### [Records provided]
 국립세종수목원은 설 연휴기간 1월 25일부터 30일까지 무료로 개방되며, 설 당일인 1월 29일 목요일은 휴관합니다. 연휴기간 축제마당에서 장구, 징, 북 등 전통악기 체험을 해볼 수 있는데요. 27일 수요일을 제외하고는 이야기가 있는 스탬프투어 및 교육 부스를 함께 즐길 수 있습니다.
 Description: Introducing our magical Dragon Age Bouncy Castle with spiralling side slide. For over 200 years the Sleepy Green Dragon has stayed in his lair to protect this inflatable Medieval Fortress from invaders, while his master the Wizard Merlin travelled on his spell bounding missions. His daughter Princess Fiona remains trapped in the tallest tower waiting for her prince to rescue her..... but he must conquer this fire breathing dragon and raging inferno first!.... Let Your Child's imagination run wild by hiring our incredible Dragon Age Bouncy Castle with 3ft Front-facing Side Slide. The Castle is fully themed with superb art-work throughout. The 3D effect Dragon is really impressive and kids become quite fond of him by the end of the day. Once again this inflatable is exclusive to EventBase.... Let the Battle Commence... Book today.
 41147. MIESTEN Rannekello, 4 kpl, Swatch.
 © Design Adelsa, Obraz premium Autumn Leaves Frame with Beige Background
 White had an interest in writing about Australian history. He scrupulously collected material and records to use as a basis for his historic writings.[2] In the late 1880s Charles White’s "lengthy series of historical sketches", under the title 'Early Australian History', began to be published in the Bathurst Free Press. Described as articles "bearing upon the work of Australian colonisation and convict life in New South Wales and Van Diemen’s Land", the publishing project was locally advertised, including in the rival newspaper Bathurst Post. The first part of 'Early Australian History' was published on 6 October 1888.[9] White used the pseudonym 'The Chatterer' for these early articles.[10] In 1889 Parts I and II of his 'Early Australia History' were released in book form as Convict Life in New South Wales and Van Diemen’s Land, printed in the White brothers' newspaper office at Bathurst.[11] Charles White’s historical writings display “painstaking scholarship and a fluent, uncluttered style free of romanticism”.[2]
--
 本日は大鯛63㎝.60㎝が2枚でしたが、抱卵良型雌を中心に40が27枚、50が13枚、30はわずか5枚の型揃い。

### [What to do]
Only the lines from the one containing "41147. MIESTEN Rannekello, 4 kpl, Swatch." through the one containing "with Beige Background" are to be retyped, both boundary lines included, with no other material.

### [Solved problem]
 41147. MIESTEN Rannekello, 4 kpl, Swatch.
 © Design Adelsa, Obraz premium Autumn Leaves Frame with Beige Background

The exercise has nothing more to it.